• _PROBLEM_
Starting with the first line below, extract each line through the one that contains "De fapt din", inclusive, excluding pictures.

• _DATA EXCERPT_
╭──
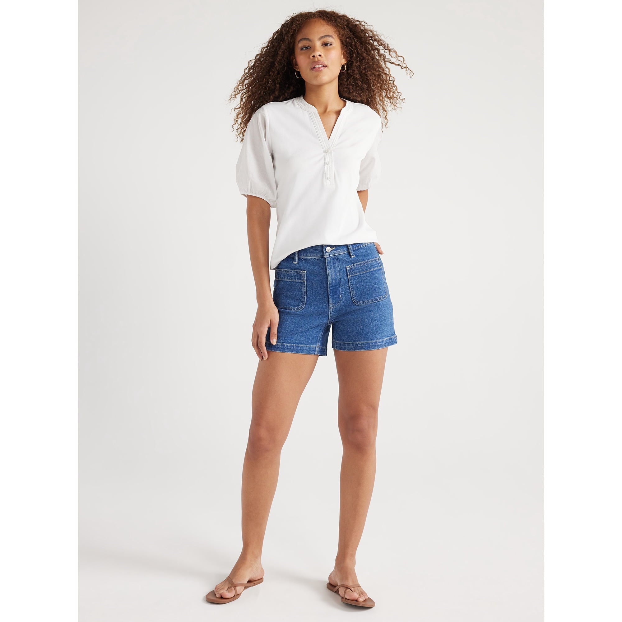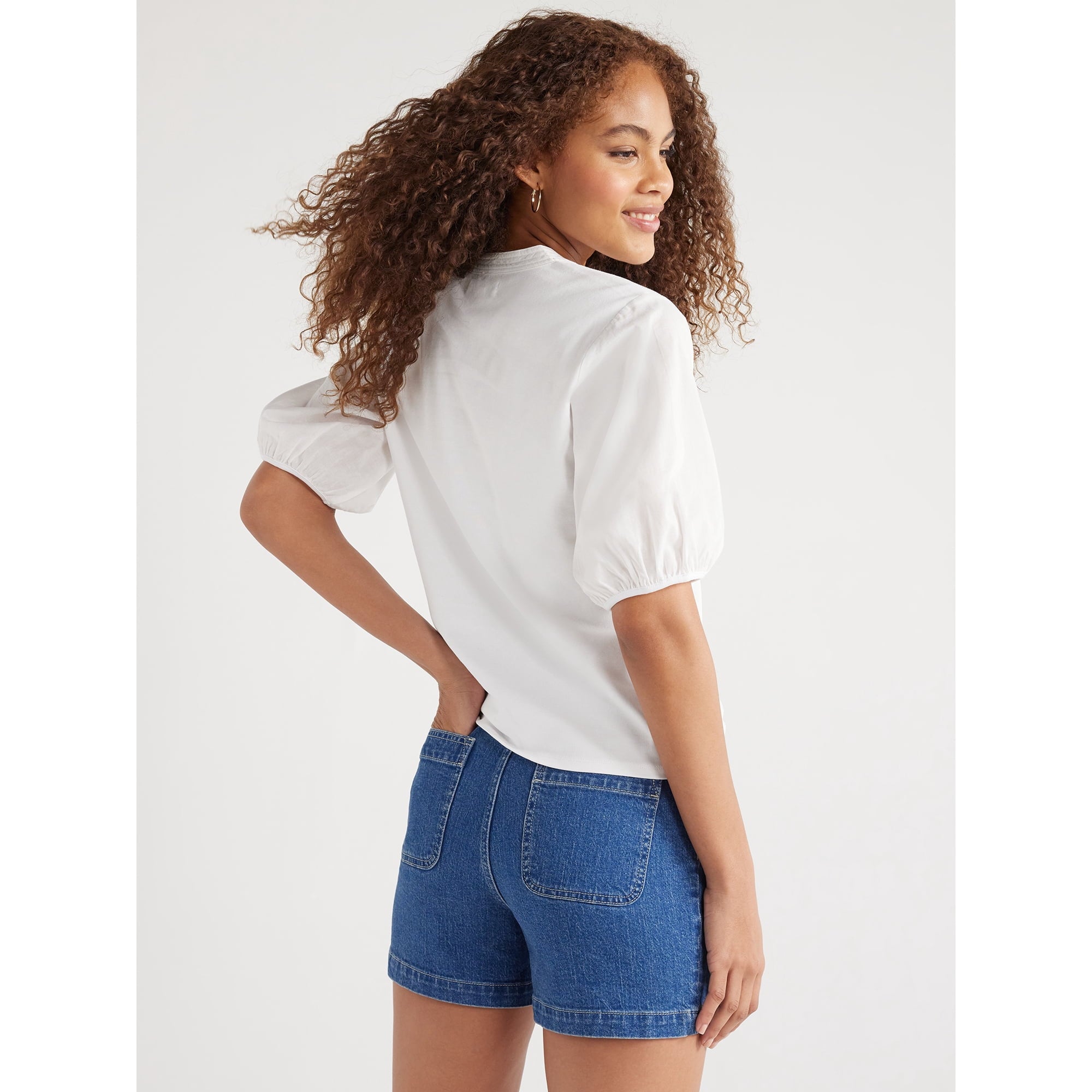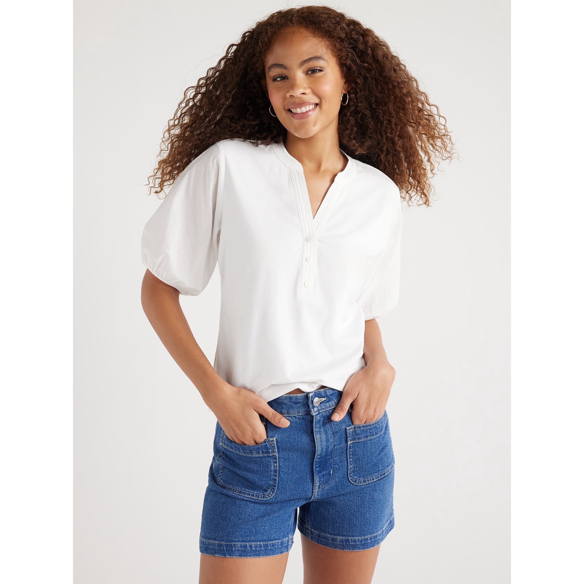 SIZE: XS - Free Assembly Women’s Henley Tee with Short Puff SleevesAED 98.75AED 143.00
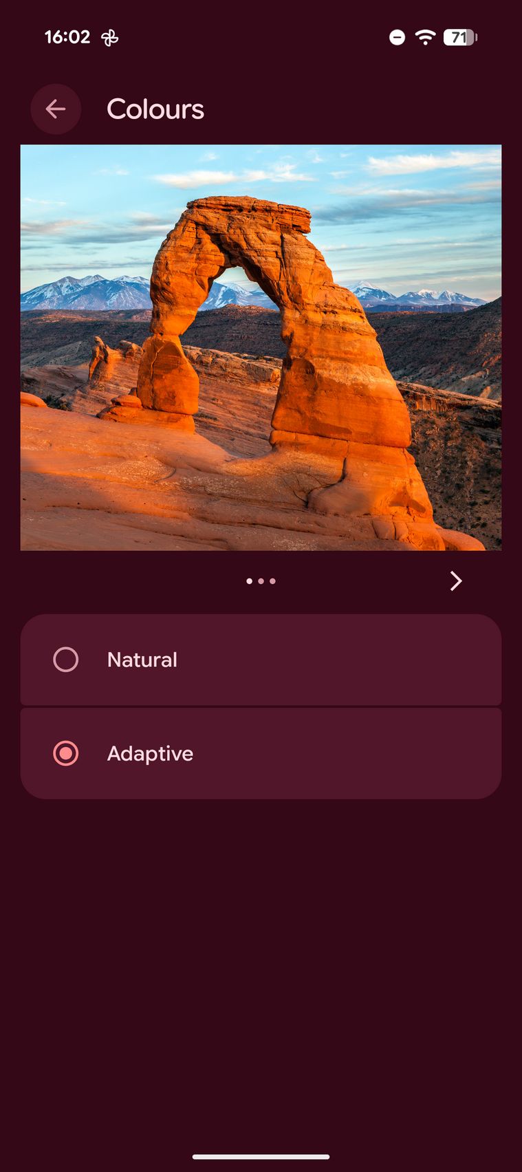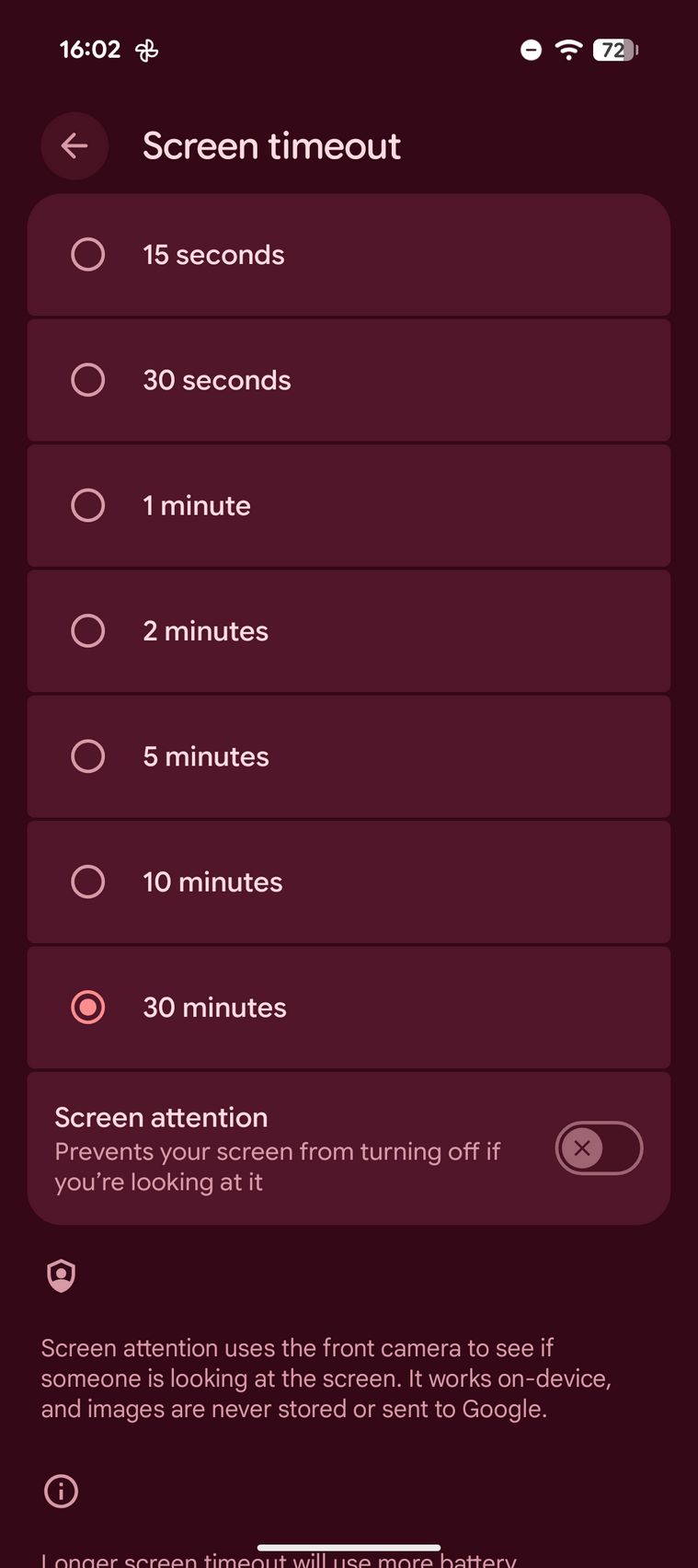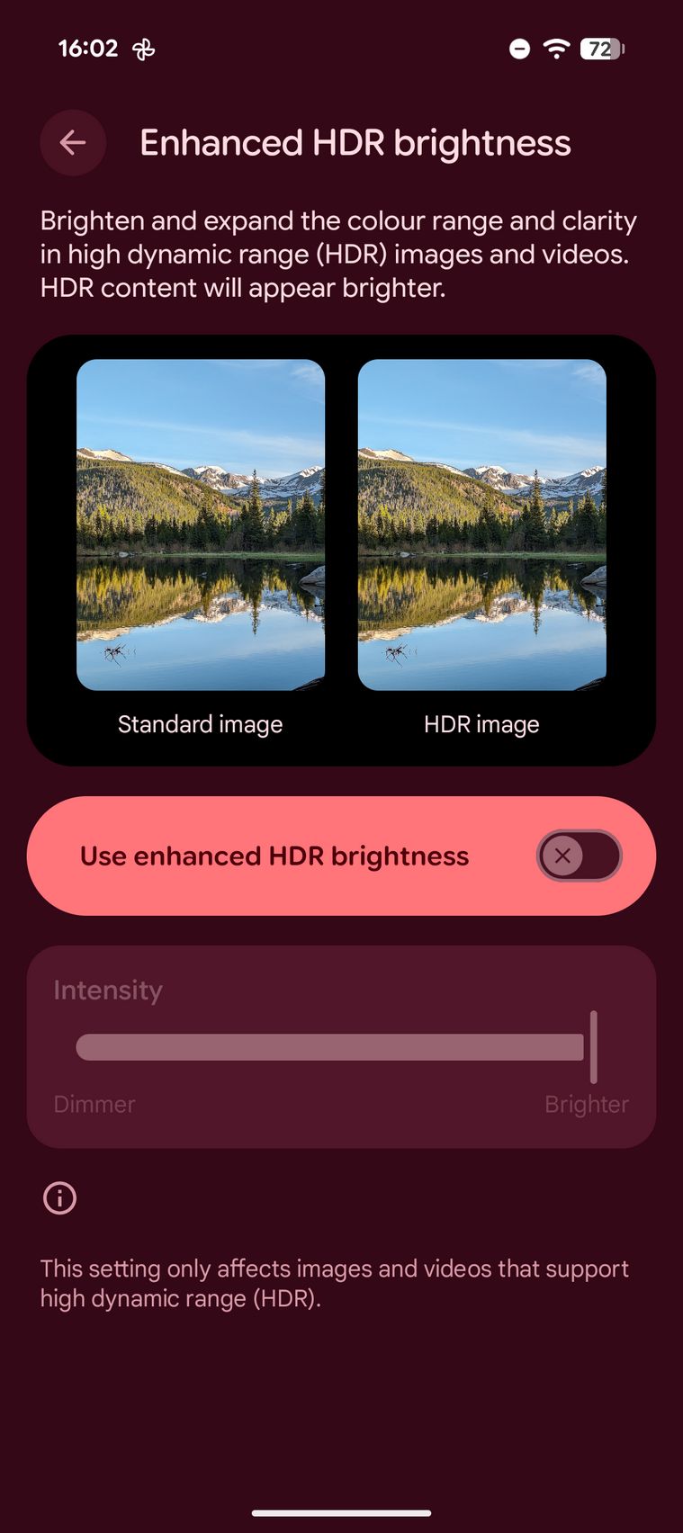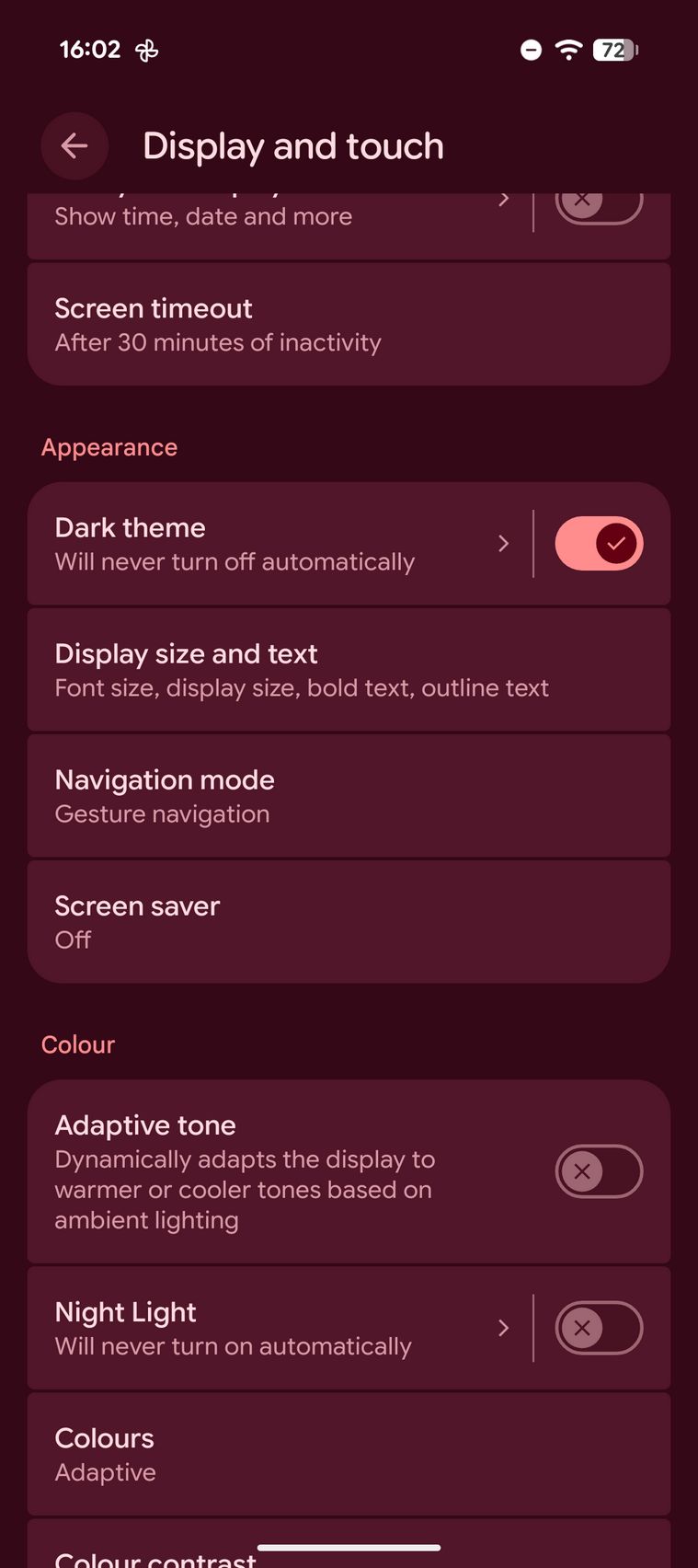 De fapt din top 10 cele mai luminoase smartphone-uri, 7 sunt telefoane Google! Excelent! Setările asociate sunt cele clasice Google. Am găsit Night Light, Dark Theme, slider de luminozitate și Smooth Display pentru refresh rate până la 120Hz.
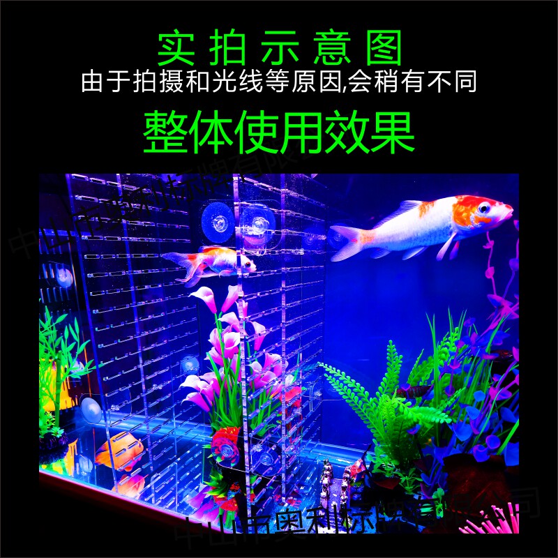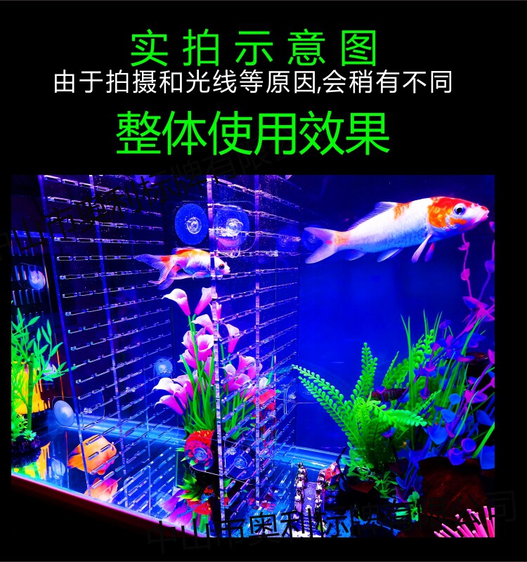 Небольшой высокопрозрачный рыбный бак -сеть, разделенная на многооновый L -образованный прямоугольный заглашенный поперечный заглав
╰──
• _ANSWER BOX_
 SIZE: XS - Free Assembly Women’s Henley Tee with Short Puff SleevesAED 98.75AED 143.00
 De fapt din top 10 cele mai luminoase smartphone-uri, 7 sunt telefoane Google! Excelent! Setările asociate sunt cele clasice Google. Am găsit Night Light, Dark Theme, slider de luminozitate și Smooth Display pentru refresh rate până la 120Hz.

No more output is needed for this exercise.